I tried to parse the data, but it was not successful. Output i'm getting for "firstname" is an empty list

Appreciate if some can help on this.


import xml.etree.ElementTree as ET

file = ET.parse(r'D:\path\to\file\test.xml')

for node in file.getroot():
    print(node)
    firstname = node.findall('firstName')
    print(firstname)
Output:
<Element '{http://tempuri.org/sdnList.xsd}publshInformation' at 0x000001A18F7F8098> [] <Element '{http://tempuri.org/sdnList.xsd}sdnEntry' at 0x000001A18F8091D8> [] <Element '{http://tempuri.org/sdnList.xsd}sdnEntry' at 0x000001A18F809E08> []

Attached Files

.xml   test.xml (Size: 2.37 KB / Downloads: 565)
Reply
#2
#!/usr/bin/python3
import xml.etree.ElementTree as ET
.
file = ET.parse(r'test.xml')
.
for node in file.getroot():
    print(node)
    firstname = node.findall('{http://tempuri.org/sdnList.xsd}firstName')
    print(firstname)
Output:
<Element '{http://tempuri.org/sdnList.xsd}publshInformation' at 0xb74ffd24> [] <Element '{http://tempuri.org/sdnList.xsd}sdnEntry' at 0xb74ffdc4> [<Element '{http://tempuri.org/sdnList.xsd}firstName' at 0xb74ffe14>] <Element '{http://tempuri.org/sdnList.xsd}sdnEntry' at 0xb7502554> [<Element '{http://tempuri.org/sdnList.xsd}firstName' at 0xb75025a4>] ... ... ...
Reply
#3
(Jun-06-2019, 04:41 AM)heiner55 Wrote:
#!/usr/bin/python3
import xml.etree.ElementTree as ET
.
file = ET.parse(r'test.xml')
.
for node in file.getroot():
    print(node)
    firstname = node.findall('{http://tempuri.org/sdnList.xsd}firstName')
    print(firstname)
Output:
<Element '{http://tempuri.org/sdnList.xsd}publshInformation' at 0xb74ffd24> [] <Element '{http://tempuri.org/sdnList.xsd}sdnEntry' at 0xb74ffdc4> [<Element '{http://tempuri.org/sdnList.xsd}firstName' at 0xb74ffe14>] <Element '{http://tempuri.org/sdnList.xsd}sdnEntry' at 0xb7502554> [<Element '{http://tempuri.org/sdnList.xsd}firstName' at 0xb75025a4>] ... ... ...


Thanks for the answer.

Using the way suggested I manage to parse some data.

import pandas as pd
import xml.etree.ElementTree as ET

file = ET.parse(r'test.xml')

# Create an emplty dataframe
Data_columns=['uid','firstName','lastName','sdnType']
table = pd.DataFrame(columns=Data_columns)
table = pd.DataFrame()

for node in file.getroot():
    uid= [uid.text for uid in node.findall('{http://tempuri.org/sdnList.xsd}uid')]
    firstname= [firstname.text for firstname in node.findall('{http://tempuri.org/sdnList.xsd}firstName')]
    lastName= [lastName.text for lastName in node.findall('{http://tempuri.org/sdnList.xsd}lastName')]
    sdnType= [sdnType.text for sdnType in node.findall('{http://tempuri.org/sdnList.xsd}sdnType')]
    table_List =[[uid,firstname,lastName,sdnType]]
    table1 = pd.DataFrame(table_List,columns=Data_columns)
    table = table.append(table1,ignore_index=True)

print(table)
Output:
Out[37]: uid firstName lastName sdnType 0 [] [] [] [] 1 [9639] [Ismail Abdul Salah] [HANIYA] [Individual] 2 [26182] [Evren] [KAYAKIRAN] [Individual]
How can i get the values with out brackets?

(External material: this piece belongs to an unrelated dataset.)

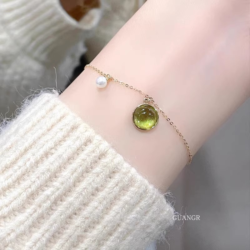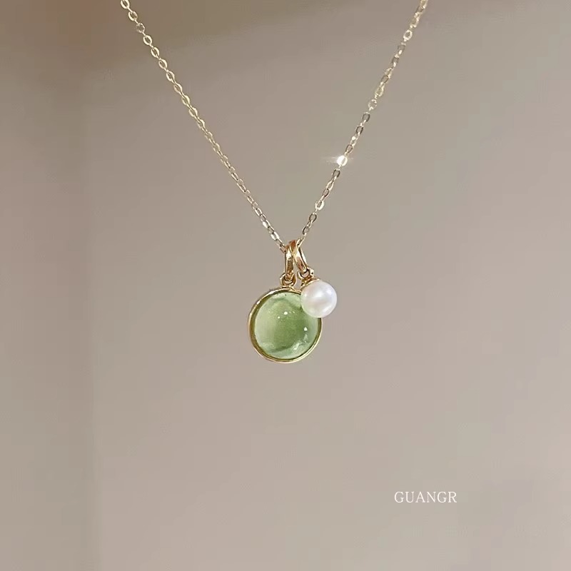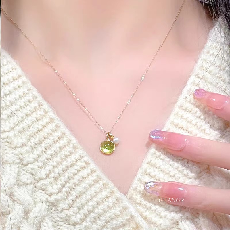 925纯银天然橄榄石淡水珍珠项链女2024新款轻奢小众高级感锁骨链

Appreciate if someone can help on this
Reply
#4
Because it is an array:

uid == array
uid[0] ==> first element of array
uid[1] ==> second element
Reply
#5
(Jun-07-2019, 04:22 PM)heiner55 Wrote: Because it is an array:

uid == array
uid[0] ==> first element of array
uid[1] ==> second element

Thanks for the answer.

I'm not sure how get an element like uid[0] as sometimes it is an empty array like [].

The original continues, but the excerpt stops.